*** Begin section ***

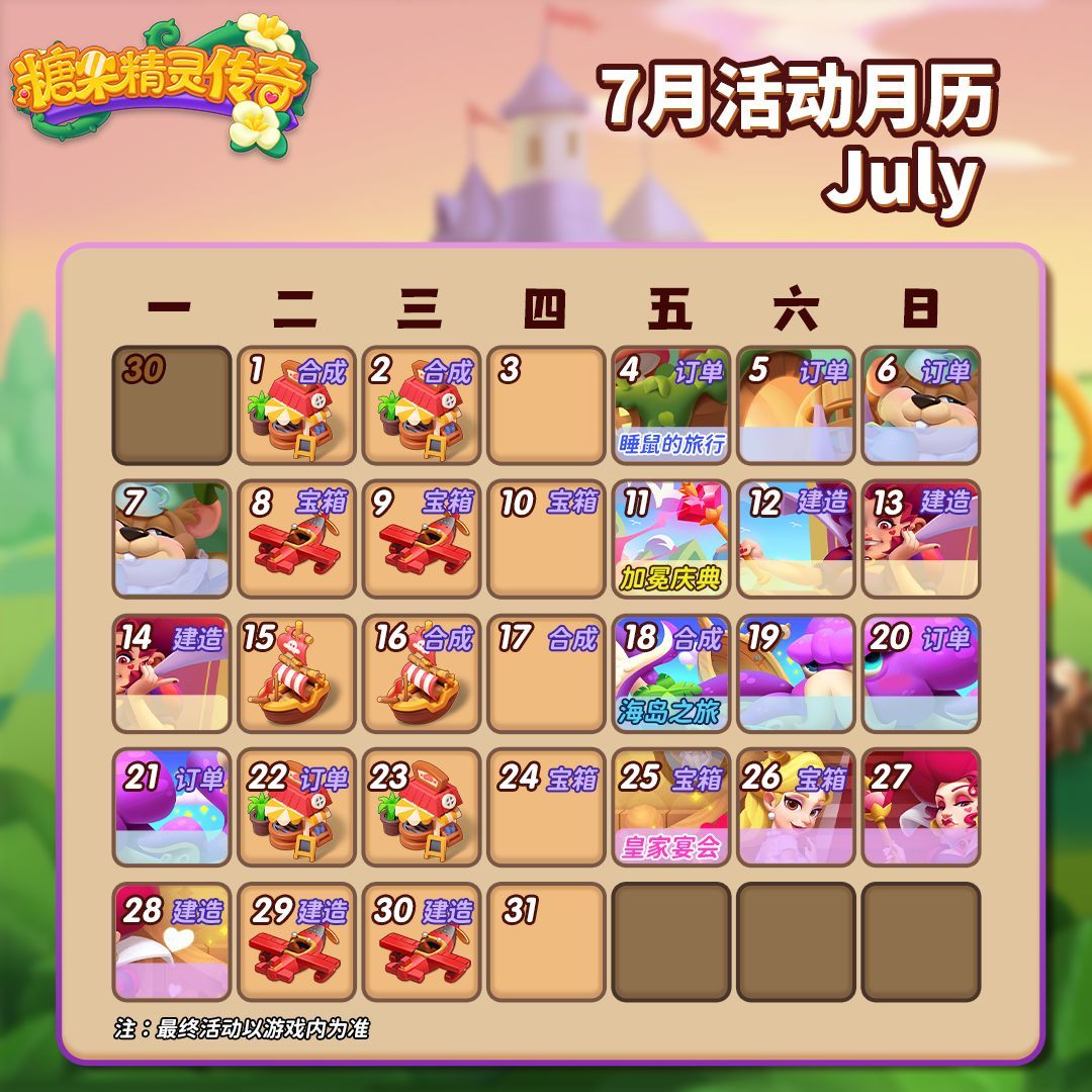 每四天轮换的竞赛活动(合成、订单、宝箱、建造)排期,见文字标注哦~
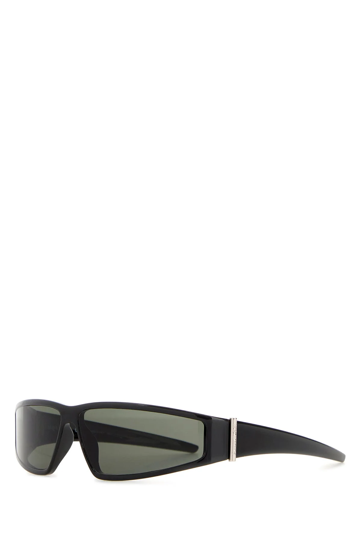 Sunglasses realized in acetate enriched by metal T-Bar detail on the arms. - D-frame - 100% UVA/UVB protection DETAILS Black acetate Wraparound sunglasses Exterior: 100% Acetate Finishing: Silver metal Made in italy
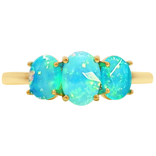 Anel de Prata com Banho de Ouro com Opala Azul Paraib da Etiópia
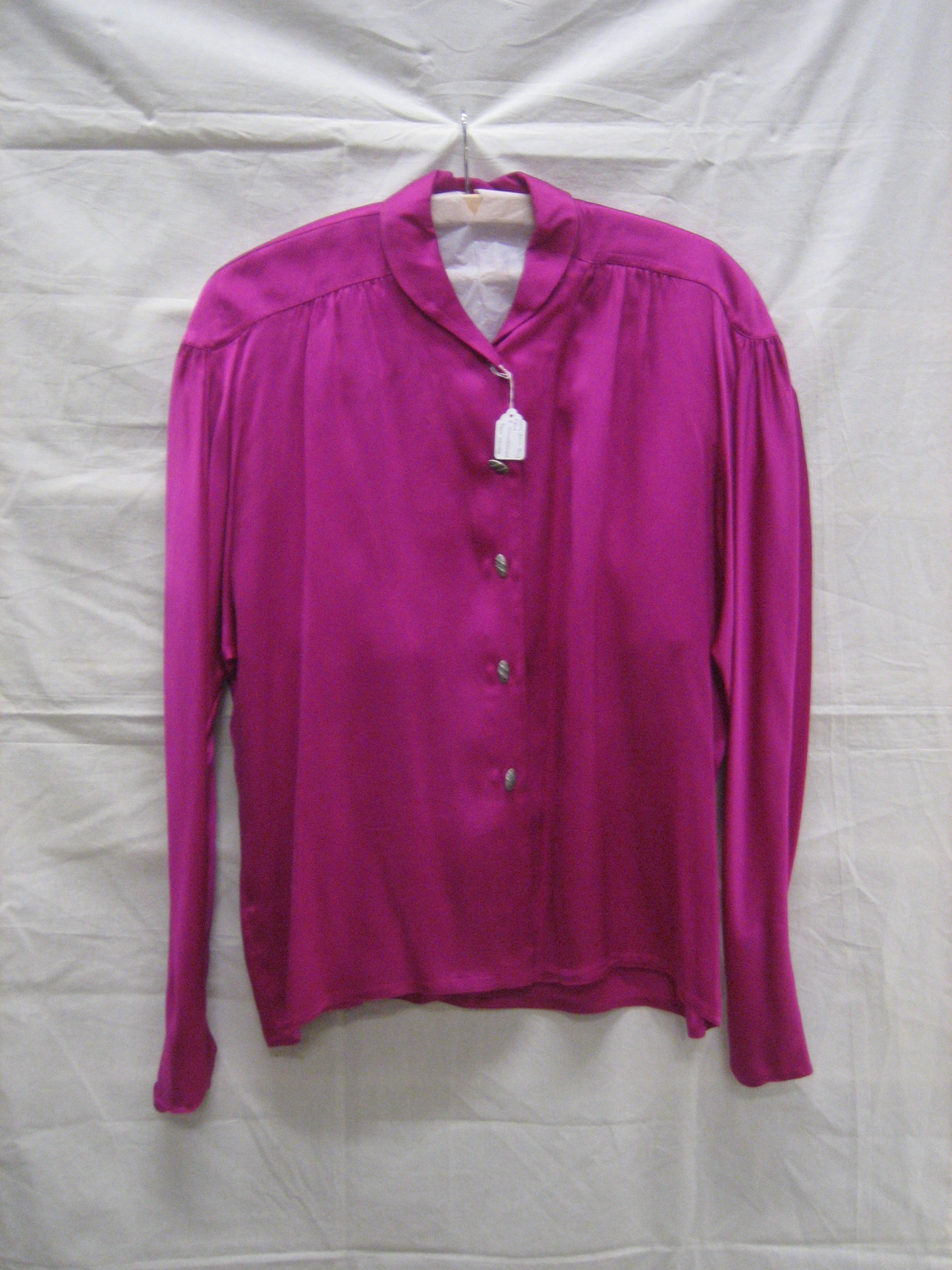 Blouse van funchsiaroze crêpe satin, zijde, met meta...
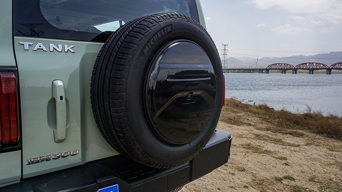 很多越野車都會(huì)選擇外露備胎的方式,不過坦克300還為備胎配備了輪胎保護(hù)罩,攝像頭巧妙的放在了中間部位。
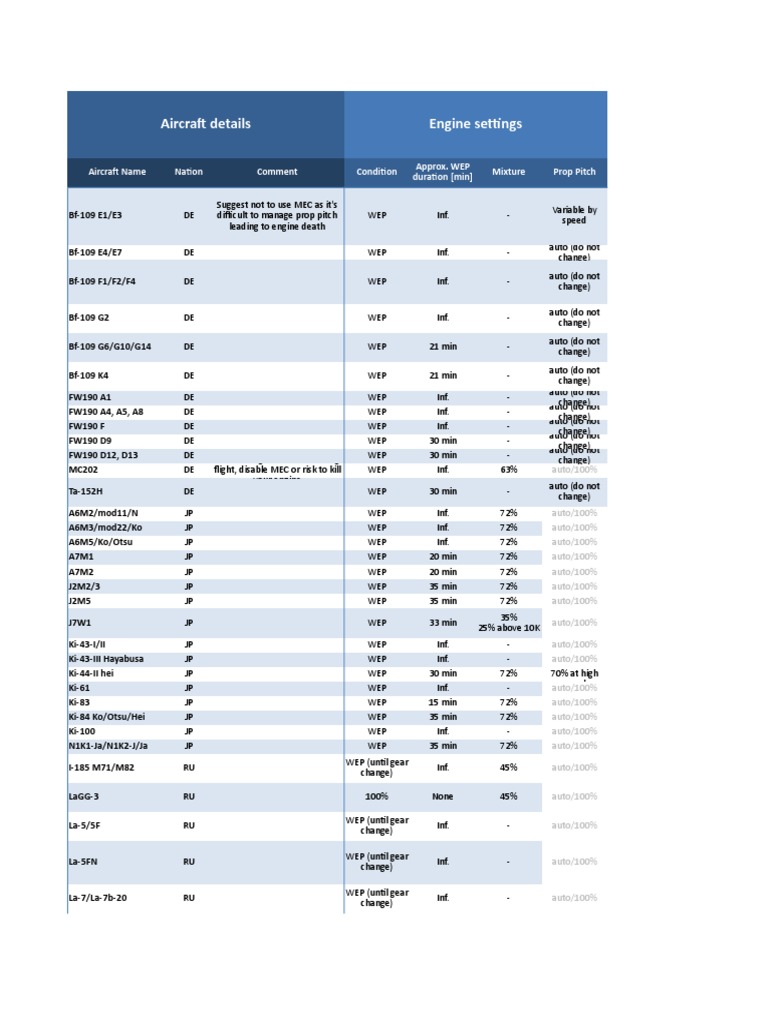 War Thunder Mec Chart
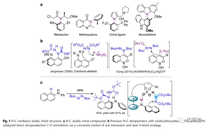 軸手性化合物廣泛存在于手性催化劑及配體中,其化學合成備受關(guān)注。BINAP和BINOL等二芳基軸手性化合物的合成已經(jīng)取得了不錯的進展,但關(guān)于合成同樣重要的非二芳基N-C軸手性化合物(Fig. 1a)的報道卻很少。到目前為止,合成非二芳基N-C軸手性化合物的方法主要包括手性拆分和對非手性N-C鍵化合物進行不對稱環(huán)化反應、N-官能團化反應和去對稱化反應等,而通過構(gòu)建新的N-C鍵合成手性非二芳基N-C軸手性化合物仍然面臨巨大的挑戰(zhàn)。

*** End section ***

__Problem requirements__. Reproduce the lines above letter for letter. The pictures stay behind.

__Exercise result__.
 每四天轮换的竞赛活动(合成、订单、宝箱、建造)排期,见文字标注哦~
 Sunglasses realized in acetate enriched by metal T-Bar detail on the arms. - D-frame - 100% UVA/UVB protection DETAILS Black acetate Wraparound sunglasses Exterior: 100% Acetate Finishing: Silver metal Made in italy
 Anel de Prata com Banho de Ouro com Opala Azul Paraib da Etiópia
 Blouse van funchsiaroze crêpe satin, zijde, met meta...
 很多越野車都會(huì)選擇外露備胎的方式,不過坦克300還為備胎配備了輪胎保護(hù)罩,攝像頭巧妙的放在了中間部位。
 War Thunder Mec Chart
 軸手性化合物廣泛存在于手性催化劑及配體中,其化學合成備受關(guān)注。BINAP和BINOL等二芳基軸手性化合物的合成已經(jīng)取得了不錯的進展,但關(guān)于合成同樣重要的非二芳基N-C軸手性化合物(Fig. 1a)的報道卻很少。到目前為止,合成非二芳基N-C軸手性化合物的方法主要包括手性拆分和對非手性N-C鍵化合物進行不對稱環(huán)化反應、N-官能團化反應和去對稱化反應等,而通過構(gòu)建新的N-C鍵合成手性非二芳基N-C軸手性化合物仍然面臨巨大的挑戰(zhàn)。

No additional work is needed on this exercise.